Workflow level (src/workflows/schema.ts:201–236):

{
  kind: string;          // "agent" by default; "build" / "triage" / etc. for categorisation
  name: string;          // unique workflow name; lookup key
  description?: string;
  trigger?: string;      // informational
  variables?: Record<string, string>;
  classification?: {     // how the intent classifier routes to this workflow (issue #164)
    intent: string;      //   the intent token this workflow owns (unique; not a control intent)
    description: string; //   the category paragraph merged into the composed classifier prompt
    examples?: string[]; //   optional one-line classifier examples
  };
  phases: PhaseDefinition[];
}

The optional classification block makes a workflow self-describing to the router: its description/examples are composed into the classifier prompt (workflows/prompts/classifier.md), and its intent becomes routable via the router’s getWorkflowByIntent fallback — so adding a workflow (even in an overlay) can add a new intent with no core change.

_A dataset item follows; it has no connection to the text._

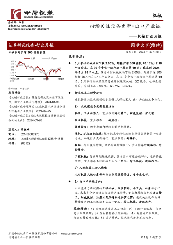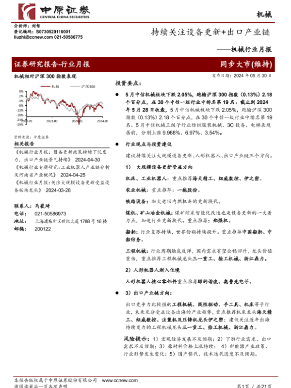【中原证券】【20240530】机械行业月报:持续关注设备更新+出口产业链-21页
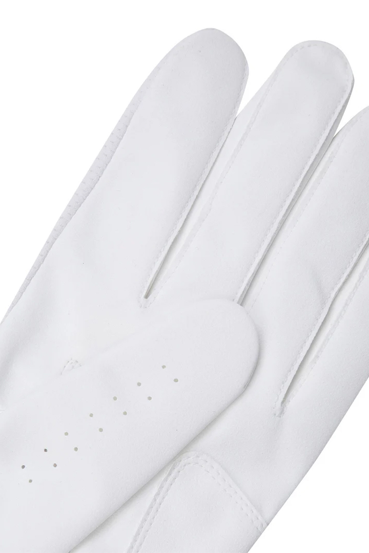 通気性の良いメッシュ素材を使用したメンズゴルフグローブ。夏でも快適に着用できるデザインで、タブ部分にはウレタンワッペンを使用。手の甲にはブランドロゴを配置し、アクセントを加えました。VP7素材を採用することで、滑りにくさを最小限に抑えています。

See 05-router.md → Build-intent classifier.

Phase level (schema.ts:84–182):

{
  name: string;                         // unique within workflow
  label?: string;                       // dashboard display
  type?: "context" | "agent" | "bash" | "script";  // default "agent"
  prompt?: string;                      // path to template, e.g. "prompts/architect.md"
  command?: string;                     // type: bash — deterministic shell command (templated)
  script?: string;                      // type: script — inline source (templated)
  runtime?: "js" | "ts" | "python";     // type: script — js/ts → node, python → uv run (default "js")
  timeout_seconds?: number;             // type: bash/script — per-step timeout (default 300)
  skill?: string;                       // single skill name; sugar for `skills: [<name>]`
  skills?: string[];                    // per-phase bundle: <workspaceRoot>/.lastlight-skills/<phase>/<name>/
                                        // may coexist with `prompt`; mutually exclusive with `skill`
  model?: string;                       // can be "{{models.architect}}"
  variant?: string;                     // reasoning effort; can be "{{variants.fix}}"
  approval_gate?: string;               // pause gate name
  approval_artifact?: string;           // handoff doc this gate approves (e.g. architect-plan.md)
  approval_gate_message?: string;       // template rendered when pausing ({{approvalUrl}} deep-links the focused view)
  depends_on?: string[];                // triggers DAG mode if any phase has it
  trigger_rule?:
    | "all_success" | "one_success"     // DAG firing conditions
    | "none_failed_min_one_success"
    | "all_done";
  output_var?: string;                  // alias for {{this.field}} in later phases
  unrestricted_egress?: boolean;        // bypass strict allowlist for this phase
  web_search?: boolean;                 // enable agentic-pi web tools
  requires_sandbox?: "docker" | "gondolin" | "none";  // skip phase (non-failing) if active backend differs
  sandbox_image?: "default" | "qa";     // docker only: "qa" runs on lastlight-sandbox-qa (Playwright+Chromium+ffmpeg); skips if unbuilt
  loop?: PhaseLoop;                     // reviewer-fix loop
  generic_loop?: GenericLoop;           // until-condition loop
  on_output?: OutputRule[];             // contains_BLOCKED → fail; requires_marker → fail if final output lacks this marker (postcondition against silent no-op "successes")
  on_success?: { set_phase: string };   // terminal marker
  messages?: PhaseMessages;             // per-event reply templates
}

Defined with Zod; loaded and cached by loader.ts.

Phase types

Four: context (no execution), agent (one LLM session), and the deterministic bash / script pair (a command, no LLM).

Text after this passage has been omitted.